Вероника кивнула на прихожую: ей хотелось улизнуть. Но отец не двигался с места и смотрел на нее так, словно пытался понять, врет она или нет.
– Телефон, – сказала Вероника. – Это меня?
– Кто-то с работы. – Отец слегка посторонился.
Вероника заспешила вниз по лестнице, чувствуя спиной отцовский взгляд. Отец пошел на второй этаж; Веронике показалось, что она слышит, как повернулась ручка на двери Билли. Она шмыгнула в кабинет, выдвинула ящик стола и вернула ключ на место, после чего взяла телефонную трубку, лежавшую на стопке бумаг. Это оказался Рууд.
– Нелегко до тебя дозвониться.
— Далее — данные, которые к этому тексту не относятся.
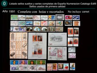 Año 1991 completo (44 valores + 3 hojas bloque + 6 recortados de las hojas bloque) y sellos sueltos y series completas de ese año, en las fotos se puede ver la descripción y el precio. Sellos usados de primera calidad. Entrar en mi perfil para ver mas ofertas de sellos
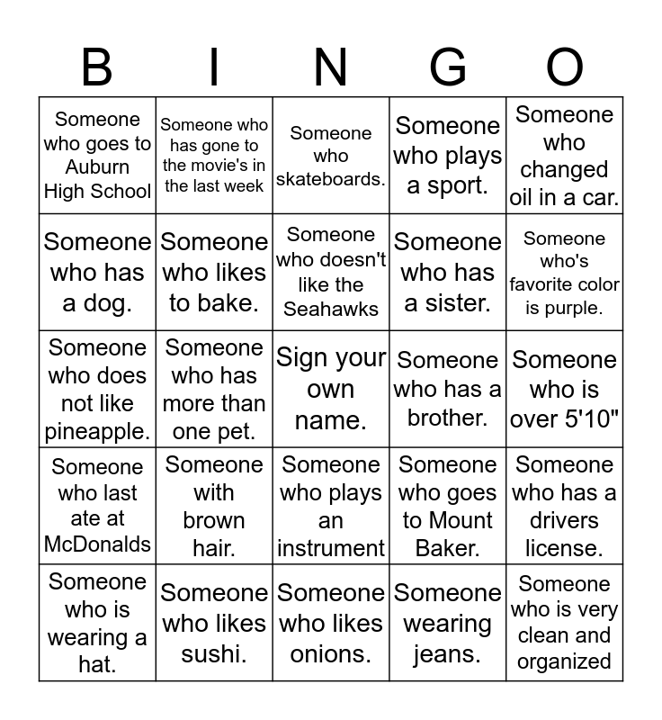 This bingo card has a free space and 24 words: Someone with brown hair., Someone who likes sushi., Someone who doesn't like the Seahawks, Someone who is wearing a hat., Someone who changed oil in a car., Someone who goes to Auburn High School, Someone who has a dog., Someone who has gone to the movie's in the last week, Someone who has a brother., Someone who plays an instrument, Someone who has a sister., Someone who does not like pineapple., Someone who goes to Mount Baker., Someone who has a drivers license., Someone who likes to bake., Someone wearing jeans., Someone who is over 5'10", Someone who skateboards., Someone who's favorite color is purple., Someone who has more than one pet., Someone who is very clean and organized, Someone who last ate at McDonalds, Someone who plays a sport. and Someone who likes onions..

Ты про мобильные телефоны слышала?
– Угу. – Вероника пыталась сообразить, откуда у него этот номер. Может, она написала его в какой-нибудь анкете, когда еще только начинала работать в Центре? Например, в графе «Ближайшие родственники». Наверное, так и было.
– Что ты делаешь в Сконе? – спросил Рууд.
– Ничего особенного. Так, небольшая вылазка. – Вероника выругала себя за то, что ее взболтанные, как яичница, мозги не придумали что-нибудь получше, но Рууд, кажется, удовлетворился этим объяснением.
– У меня хорошие новости, – начал он; звук стал такой, словно он поднес трубку ближе ко рту. – Бенгт составил отчет. Его вердикт – ты можешь продолжать работать. А я сумел убедить в этом отдел кадров. Приезжай, и я расскажу больше. Вернешься в Стокгольм завтра к полудню?
– Конечно. Не проблема. – Вероника положила трубку, понимая, что ей следовало бы радоваться. Она сохранила работу, получила возможность снова увидеть Исака и одновременно удовлетворила ту часть своего внутреннего «я», которая требовала побольше горя. Горя других людей, а не того, которым был полон Баккагорден. Однако радость не приходила.
Перед ее отъездом папа приготовил ранний ужин. Они ели на кухне омлет, и Вероника чувствовала, что что-то между ними изменилось, но никак не могла понять, что именно. Ей непременно следует с этим разобраться, прежде чем уезжать отсюда.
– Я вчера была на маминой могиле, – начала она. – Очень красиво. Розы…
– М-м. – Отец кивнул, не переставая жевать.
Что еще сказать? Да что угодно, лишь бы смягчить его.
– Сколько времени вы бы сейчас были женаты? – Эти слова вырвались у нее сами собой, но, кажется, подействовали. Отец поднял глаза.
– Тринадцатое января. Тридцать шесть лет.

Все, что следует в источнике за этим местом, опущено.